All of the listing must be given again exactly, except that the images are dropped.

RAW DATA:
—————
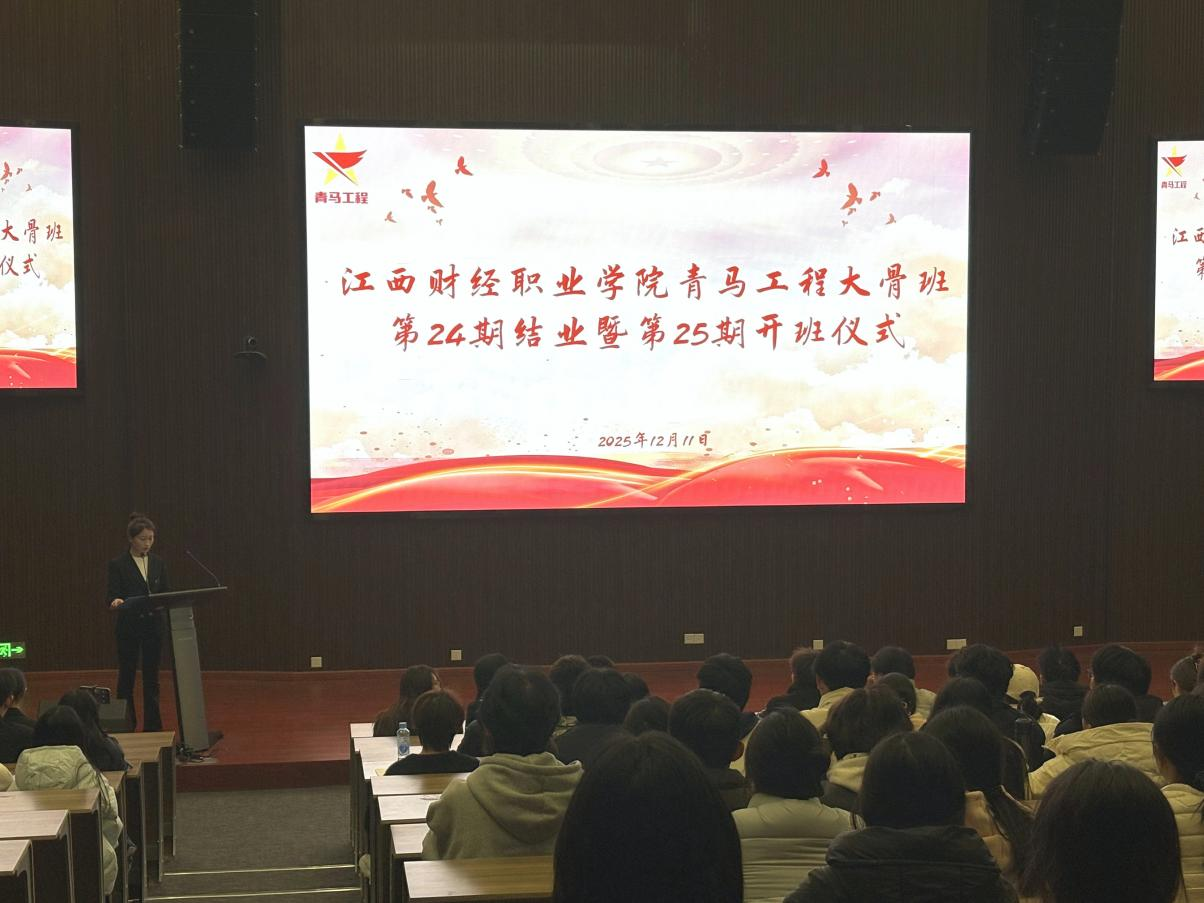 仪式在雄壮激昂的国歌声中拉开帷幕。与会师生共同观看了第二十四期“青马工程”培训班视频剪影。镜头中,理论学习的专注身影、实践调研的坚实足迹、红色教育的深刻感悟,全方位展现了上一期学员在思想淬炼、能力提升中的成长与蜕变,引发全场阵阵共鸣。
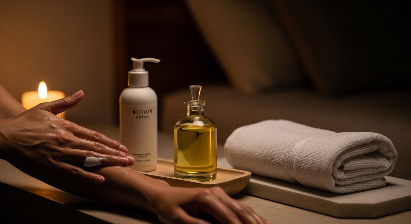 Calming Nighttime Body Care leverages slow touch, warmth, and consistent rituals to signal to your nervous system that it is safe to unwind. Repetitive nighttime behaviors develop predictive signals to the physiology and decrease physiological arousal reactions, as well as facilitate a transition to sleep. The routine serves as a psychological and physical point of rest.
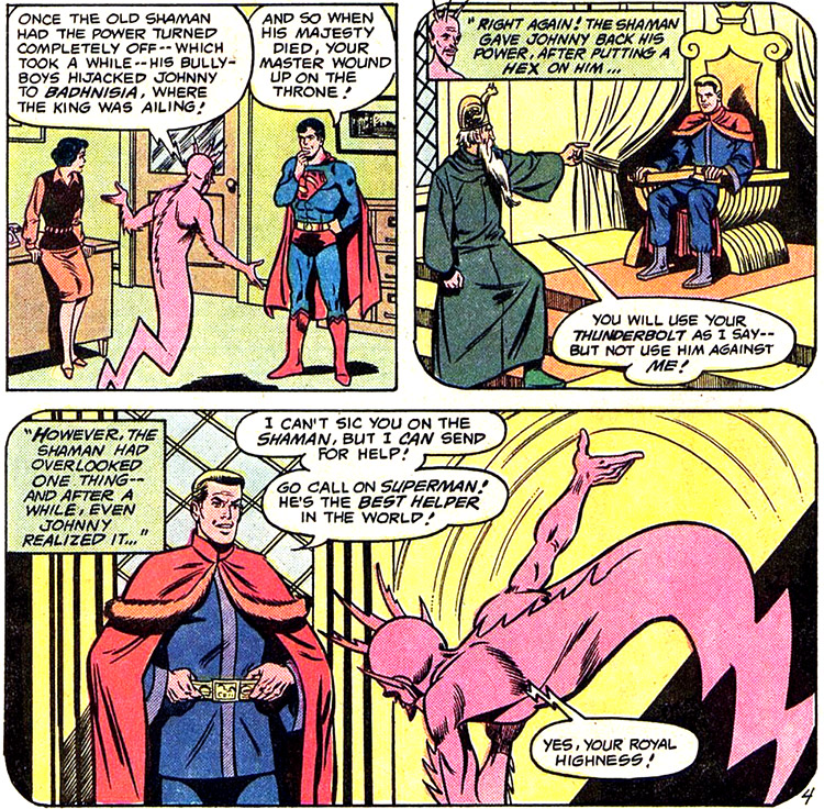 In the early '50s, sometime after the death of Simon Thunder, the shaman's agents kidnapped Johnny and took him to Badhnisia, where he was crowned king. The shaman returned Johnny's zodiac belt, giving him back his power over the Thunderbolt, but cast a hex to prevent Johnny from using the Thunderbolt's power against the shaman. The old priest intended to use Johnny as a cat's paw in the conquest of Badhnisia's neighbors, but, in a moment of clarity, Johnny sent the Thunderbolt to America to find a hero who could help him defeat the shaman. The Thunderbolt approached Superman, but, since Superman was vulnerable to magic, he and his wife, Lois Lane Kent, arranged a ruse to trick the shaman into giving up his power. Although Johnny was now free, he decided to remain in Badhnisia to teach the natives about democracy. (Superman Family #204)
—————
PROBLEM SOLUTION:
 仪式在雄壮激昂的国歌声中拉开帷幕。与会师生共同观看了第二十四期“青马工程”培训班视频剪影。镜头中,理论学习的专注身影、实践调研的坚实足迹、红色教育的深刻感悟,全方位展现了上一期学员在思想淬炼、能力提升中的成长与蜕变,引发全场阵阵共鸣。
 Calming Nighttime Body Care leverages slow touch, warmth, and consistent rituals to signal to your nervous system that it is safe to unwind. Repetitive nighttime behaviors develop predictive signals to the physiology and decrease physiological arousal reactions, as well as facilitate a transition to sleep. The routine serves as a psychological and physical point of rest.
 In the early '50s, sometime after the death of Simon Thunder, the shaman's agents kidnapped Johnny and took him to Badhnisia, where he was crowned king. The shaman returned Johnny's zodiac belt, giving him back his power over the Thunderbolt, but cast a hex to prevent Johnny from using the Thunderbolt's power against the shaman. The old priest intended to use Johnny as a cat's paw in the conquest of Badhnisia's neighbors, but, in a moment of clarity, Johnny sent the Thunderbolt to America to find a hero who could help him defeat the shaman. The Thunderbolt approached Superman, but, since Superman was vulnerable to magic, he and his wife, Lois Lane Kent, arranged a ruse to trick the shaman into giving up his power. Although Johnny was now free, he decided to remain in Badhnisia to teach the natives about democracy. (Superman Family #204)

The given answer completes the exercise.